Missing tzinfo in Feature Stores — 2 Weeks of Silent Skew
Model predictions drifted nightly due to 7-hour tz offset between Spark and Py.
- A feature store is a centralised system that stores, manages, and serves ML features for both training and serving.
- Dual-store architecture: offline store (batch, historical) and online store (low-latency, real-time).
- Point-in-time correctness ensures training data doesn't leak future information.
- Feast (open-source) vs Tecton (managed) differ in serving latency and cost.
- Biggest production mistake: ignoring timezone handling across offline and online pipelines.
- Materialization latency is the single most critical operational metric — monitor it like CPU.
Imagine your school cafeteria prepares chopped vegetables every morning and stores them in labeled containers so every chef can grab exactly what they need without re-chopping the same carrots ten times. A feature store is that prep kitchen for machine learning — it pre-computes the derived facts about your data (like 'how many purchases did this user make in the last 7 days?') and stores them so every model, every team, and every experiment can reuse the same trusted numbers instantly. Without it, every data scientist re-chops the same carrots differently, and your models quietly disagree about what 'last 7 days' even means.

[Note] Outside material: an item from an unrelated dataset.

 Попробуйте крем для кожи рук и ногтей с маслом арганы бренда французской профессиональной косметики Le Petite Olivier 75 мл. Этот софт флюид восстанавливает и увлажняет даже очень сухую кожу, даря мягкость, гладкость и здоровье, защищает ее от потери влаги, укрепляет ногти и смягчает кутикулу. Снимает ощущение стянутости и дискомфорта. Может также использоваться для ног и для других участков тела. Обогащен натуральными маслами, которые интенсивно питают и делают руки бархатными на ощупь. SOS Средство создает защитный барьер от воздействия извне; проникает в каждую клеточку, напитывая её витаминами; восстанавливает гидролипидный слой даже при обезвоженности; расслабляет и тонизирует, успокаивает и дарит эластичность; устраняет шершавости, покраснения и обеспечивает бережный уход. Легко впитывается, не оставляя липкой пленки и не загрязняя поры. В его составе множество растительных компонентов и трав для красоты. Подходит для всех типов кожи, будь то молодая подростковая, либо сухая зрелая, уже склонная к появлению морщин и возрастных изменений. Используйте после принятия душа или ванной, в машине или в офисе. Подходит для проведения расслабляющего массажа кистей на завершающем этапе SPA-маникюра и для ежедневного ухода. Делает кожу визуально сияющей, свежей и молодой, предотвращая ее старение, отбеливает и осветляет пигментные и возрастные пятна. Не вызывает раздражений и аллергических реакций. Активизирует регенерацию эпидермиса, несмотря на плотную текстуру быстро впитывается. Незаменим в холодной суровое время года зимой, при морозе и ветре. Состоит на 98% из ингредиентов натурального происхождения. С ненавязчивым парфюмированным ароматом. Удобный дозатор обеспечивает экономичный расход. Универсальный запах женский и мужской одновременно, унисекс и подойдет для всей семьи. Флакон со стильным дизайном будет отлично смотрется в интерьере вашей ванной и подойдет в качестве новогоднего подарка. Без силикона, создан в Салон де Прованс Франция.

Every ML team eventually hits the same wall. You have ten models in production, each computing 'user average order value' slightly differently — one uses a 30-day window, one uses 28, one forgot to exclude refunds. The numbers diverge silently. A model that aced staging starts misbehaving in production because the training pipeline computed features one way and the serving pipeline computed them another. Nobody notices until revenue drops. Feature stores exist to break this cycle, and by 2026 they're no longer optional infrastructure — they're the foundation of any ML platform serious about reliability at scale.
The core problem feature stores solve is deceptively simple to state but brutally hard to fix without them: the same feature must be computed identically at training time and at serving time, across every team that uses it, forever. This is called training-serving skew, and it silently corrupts model performance more often than bad algorithms do. Alongside skew, you have the duplication problem — ten teams writing ten slightly-different Spark jobs to compute the same customer lifetime value feature — and the discovery problem, where a new data scientist has no idea what signals already exist and reinvents the wheel for six weeks.

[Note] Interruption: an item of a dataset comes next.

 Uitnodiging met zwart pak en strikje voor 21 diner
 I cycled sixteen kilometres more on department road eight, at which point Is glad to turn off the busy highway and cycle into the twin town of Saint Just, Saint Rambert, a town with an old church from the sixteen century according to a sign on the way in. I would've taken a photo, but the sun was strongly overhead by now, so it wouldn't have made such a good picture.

By the end of this article you'll understand how a feature store's dual-store architecture works under the hood, why point-in-time correctness is the hardest problem it solves, how to write production-grade feature definitions using Feast, where Tecton and Hopsworks make different architectural trade-offs, and exactly which production mistakes will silently wreck your models even after you've adopted a feature store. This is the article your future self wishes existed the first time you debugged a skew issue at 2am.
What is a Feature Store?
A feature store is a system that separates feature computation from model training and inference. It provides two APIs: one for writing features (typically batch or streaming pipelines) and one for reading features (low-latency for serving, high-throughput for training). The key mental model: you don't ship feature code with your model; you ship a feature reference. The model asks the feature store at runtime for the feature values it needs, and the store guarantees they were computed exactly the same way as during training.
That abstraction sounds clean but introduces a runtime dependency. If the feature store is down during inference, your model returns nulls or errors — silent degradation. Teams often discover this only after a production incident where the Redis cluster goes down and every model starts returning zeros. The lesson: always cache critical feature values with a local fallback for high-throughput paths.

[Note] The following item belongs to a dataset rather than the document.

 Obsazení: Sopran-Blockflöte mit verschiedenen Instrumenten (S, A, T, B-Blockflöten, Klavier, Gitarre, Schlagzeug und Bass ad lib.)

Here's another thing that catches people off guard: the feature store becomes the single source of truth, but it also becomes a single point of failure. You need to design for that. Use circuit breakers in your inference pipeline — if the online store times out after 100ms, fall back to a local cache or a static default. Don't let a Redis outage take down your entire prediction service.
- You register the feature once (definition + computation logic).
- Any model that needs it just asks by name.
- The store handles versioning, deprecation, and consistency.
- But if the registry goes down, nothing can resolve features.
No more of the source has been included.